Prespa Forum: Kurti drückt Enttäuschung mit der EU über die Nichtliberalisierung von Visa aus

Der kosovarische Premierminister Albin Kurti, während seiner Rede am Prespa-Gipfel, hat mit der Europäischen Union für die Nichtliberalisierung von Visa für den Kosovo enttäuscht. Kurti betonte, er sei auch enttäuscht von der Entscheidung der EU, keine Verhandlungen mit Nordmazedonien und Albanien aufzunehmen. Er betrachtete die Europäische Union als langsam in den Prozessen [...]
Er vertrat die Auffassung, dass die Europäische Union in den Prozessen langsam ist und dass sie die Einheit fehlt.
Die Republik Kosovo teilt die Enttäuschung mit der Entscheidung der EU, keine Verhandlungen mit Albanien und mit dem Norden Mazedonien aufzunehmen. Als Land die Visaliberalisierung verweigert, verstehen wir Ihre Frustration.

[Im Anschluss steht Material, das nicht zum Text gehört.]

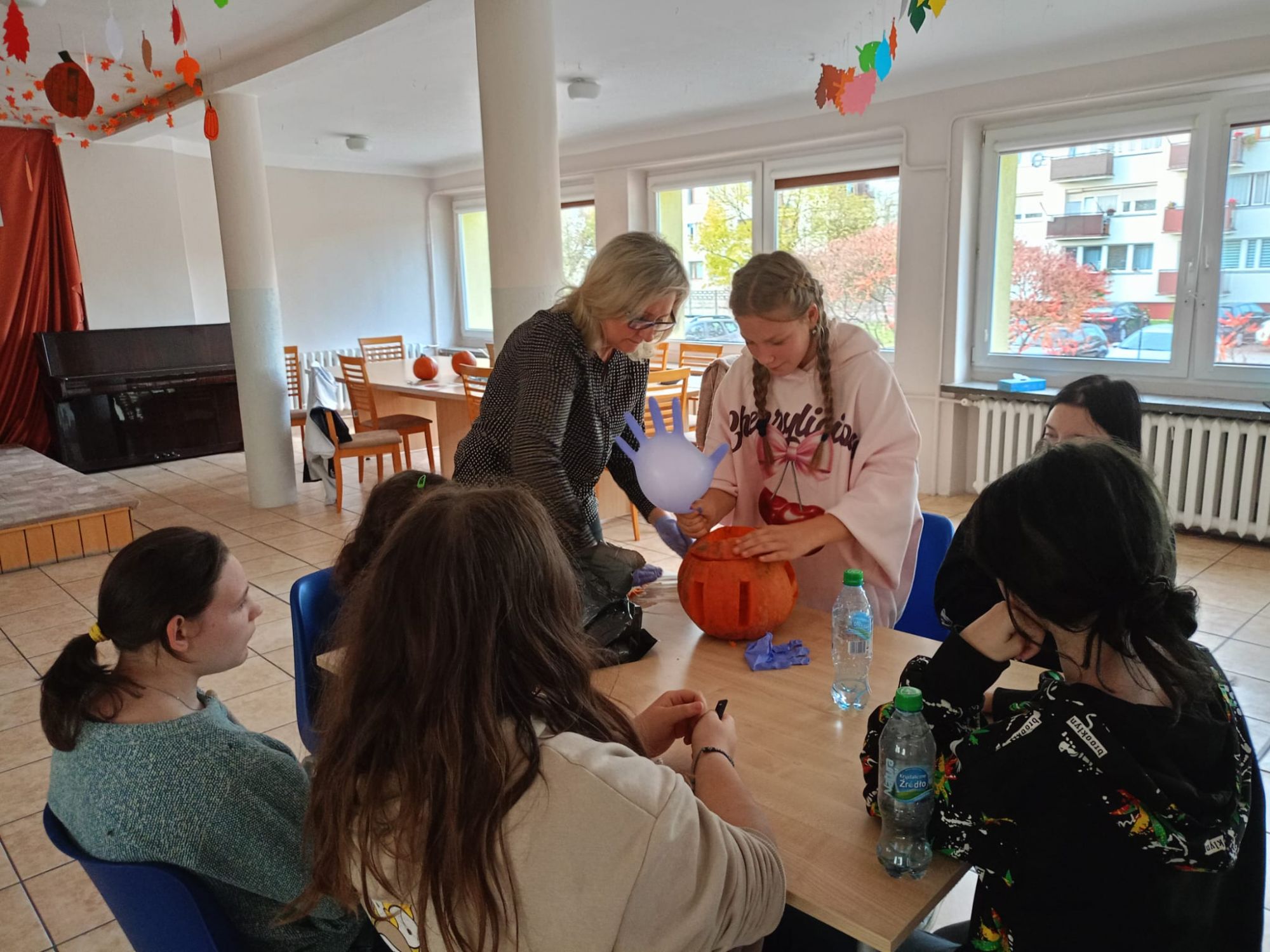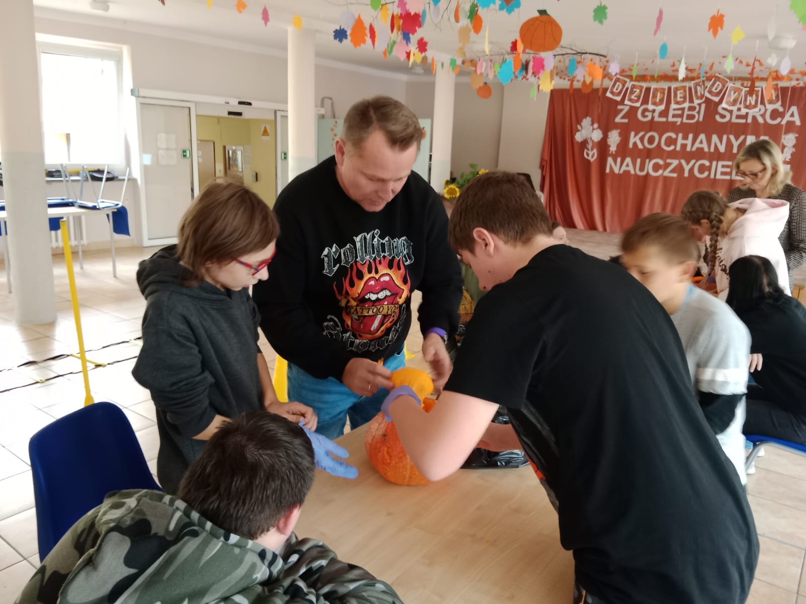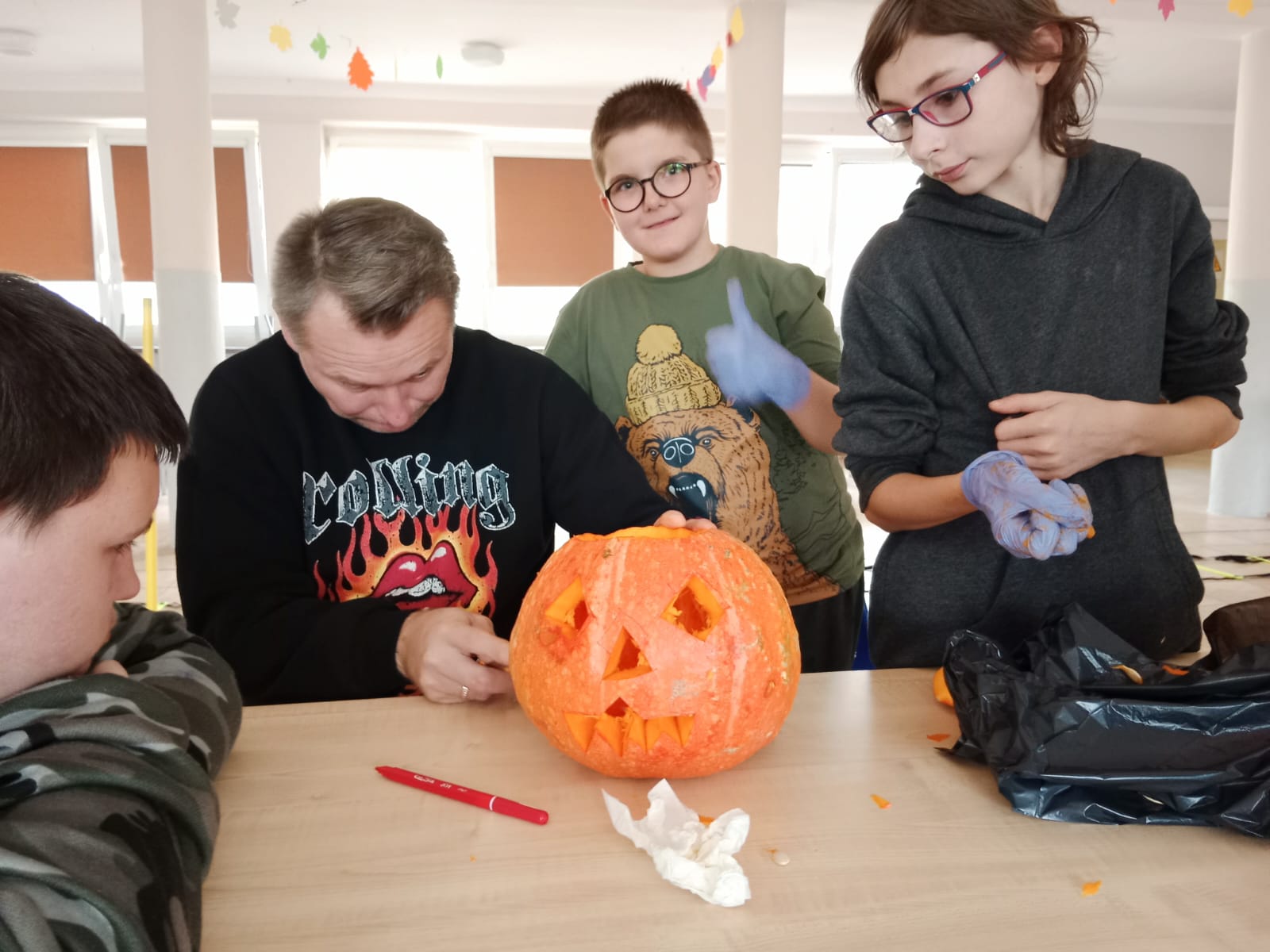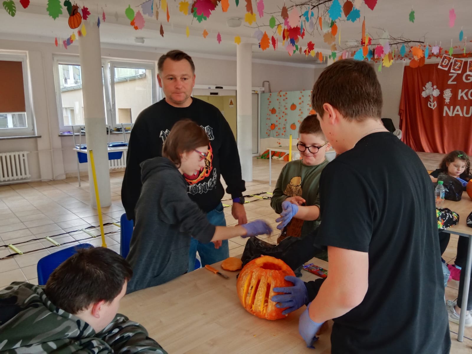 Następnie wszystkie trzy grupy otrzymały zadanie wycięcia najpiękniejszej dyni. Każda z grup przystąpiła do pracy tworząc wyjątkowe i pomysłowe dekoracje. Kreatywność wychowanków była imponująca, a wszystkie dynie zachwycały swoimi oryginalnymi wzorami.

Die EU ist langsam, fehlt die Einheit, aber es ist immer noch unsere beste Hoffnung und die einzige Option, die wir haben. Wir gehören hier. Die westlichen Balkanstaaten sind Teil Europas und wir sind Nachbarstaaten der EU-Staaten”, sagte Kurti heute auf dem Prespa-Gipfel.
Kurti betonte, dass westliche Balkanländer daran arbeiten müssen, EU-Mitglieder zu werden. Und nach ihm kann es nur erreicht werden, wenn die Balkanländer historische Wahrheit und Realität annehmen.
Anstatt mit EU-Entscheidungen frustriert zu fühlen, sollten wir uns fragen, was wir tun sollten, um dorthin zu kommen. Wenn wir in uns schauen, finden wir, dass wir viele Probleme haben. Es gibt einen Kampf mit autoritären Mächten und gegen kriminelle Monopole und gegen die Verletzung der Rechtsstaatlichkeit, die Ablehnung der historischen Wahrheit und das Handeln, dass wir demokratische Gesellschaften zwischen unseren Nationen bauen können, indem wir nur leugnen, was passiert ist und versuchen, die Realität zu verändern, sagte Kurti.
Der Kosovo-Premierminister bestand darauf, dass die Länder der Region, wie er sagte, die “Taschen des Hauses” in die EU integrieren sollten.
Ein großer Teil der Verantwortung liegt bei der EU, aber wir müssen auch unsere Hausaufgaben durchführen. Selbst Novi Sads Vorstellung von BARMini-Schengenı, eine Initiative, die keine Vision für die Region hat, und dass die Republik Kosovo stark widersetzt, als solche sollte abgelehnt werden. Die Entfremdung mit der EU sollte nicht von Ländern, die die NATO nicht lieben, instrumentalisiert werden und Russland”, Kurti hinzugefügt.